ПДК рыбок данио имеют морфологию, аналогичную радужной форели. В течение четырех дней культивирования миотрубки должны сформироваться в течение шести-девяти дней культивирования. В культуре показано, что МПК и миобласты экспрессируют мио D один.
По мере того, как миобласты дифференцируются в миотрубки, они начинают экспрессировать миогенин. Эти данные показывают пролиферацию клеток во время культивирования с использованием BRDU при инкорпорации. После просмотра этого видео у вас должно сложиться хорошее понимание того, как изолироваться и культура.

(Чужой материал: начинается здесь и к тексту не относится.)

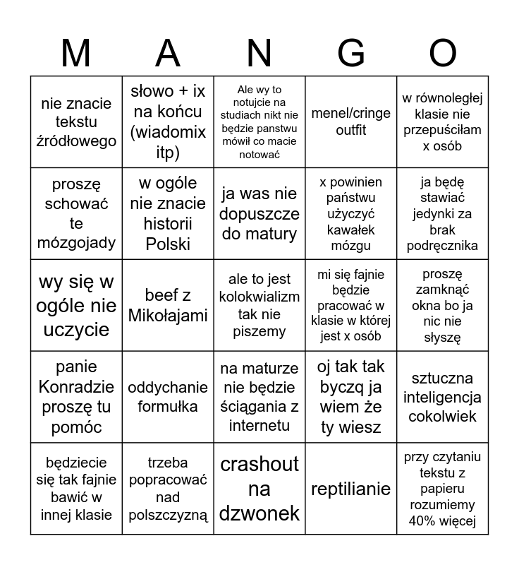 This bingo card has 25 words: oddychanie formułka, crashout na dzwonek, ja was nie dopuszcze do matury, będziecie się tak fajnie bawić w innej klasie, w równoległej klasie nie przepuściłam x osób, nie znacie tekstu źródłowego, proszę schować te mózgojady, słowo + ix na końcu (wiadomix itp), mi się fajnie będzie pracować w klasie w której jest x osób, na maturze nie będzie ściągania z internetu, x powinien państwu użyczyć kawałek mózgu, wy się w ogóle nie uczycie, oj tak tak byczq ja wiem że ty wiesz, sztuczna inteligencja cokolwiek, w ogóle nie znacie historii Polski, przy czytaniu tekstu z papieru rozumiemy 40% więcej, proszę zamknąć okna bo ja nic nie słyszę, Ale wy to notujcie na studiach nikt nie będzie panstwu mówił co macie notować, ja będę stawiać jedynki za brak podręcznika, beef z Mikołajami, ale to jest kolokwializm tak nie piszemy, trzeba popracować nad polszczyzną, panie Konradzie proszę tu pomóc, menel/cringe outfit and reptilianie.
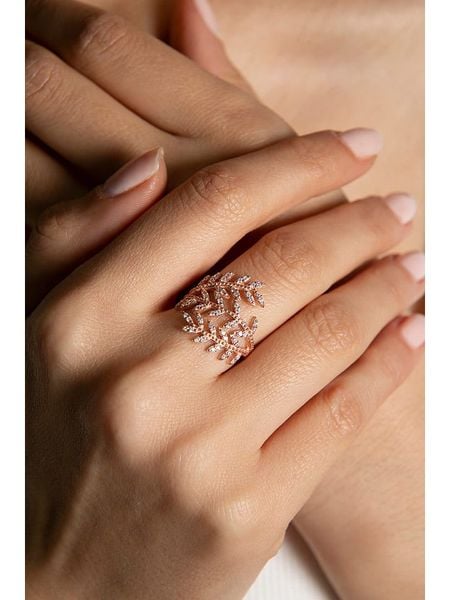 – materiał: srebro Sterling próby 925- powłoka: w kolorze różowego złota- rodzaj kamienia: cyrkonia- kolor kamienia: bezbarwny- rozmiar: elastycznyWskazówka: Zdjęcie produktu w powiększeniu.
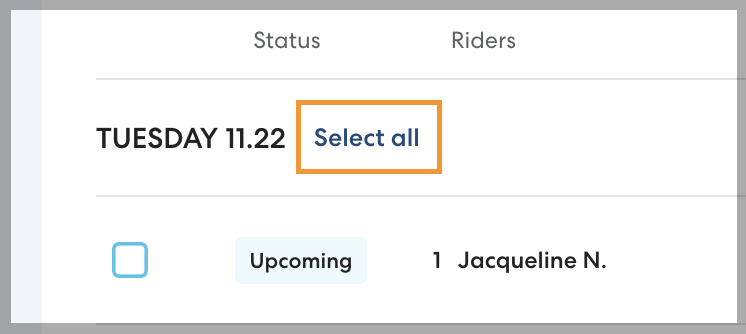 No more selecting each individual ride when you need to cancel for a snow day! When using the Jump to field to filter by date, you can now select all rides on a given day to efficiently cancel in bulk. Learn more here: Canceling Rides in Bulk.
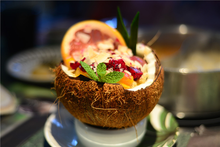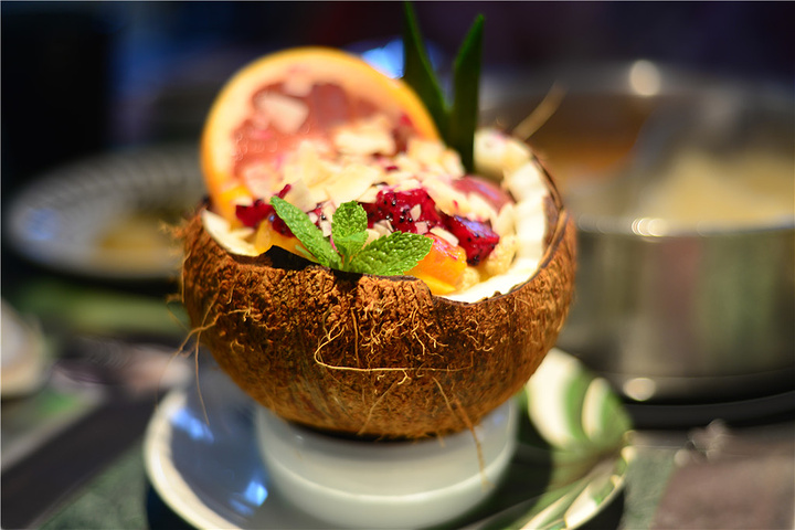 网红椰子碗必须点一份,不但颜值爆表,就连味道也是无可挑剔。新鲜多汁的芒果果粒,底下还铺了满满一层芒果冰沙,配冬阴功火锅简直绝了~

Миогенные клетки-предшественники различных видов рыб После его первоначального развития в клетке Моне. Этот метод проложил путь исследователям и специалистам по мышечной биологии к исследованию новых направлений в мышечной биологии и других организмах и других телио, таких как данио, а также других амфибий или амфибий, таких как Axel.
View the full transcript and gain access to thousands of scientific videos
В данной статье представлен протокол культивирования миогенных предшественнических клеток (MPC) из костных рыб для исследования миогенеза in vitro. Метод включает в себя диссекцию, механическое и ферментативное разрушение эпаксиального мышечного ткани, за которым следует посеивание клеток на субстрат ламинина.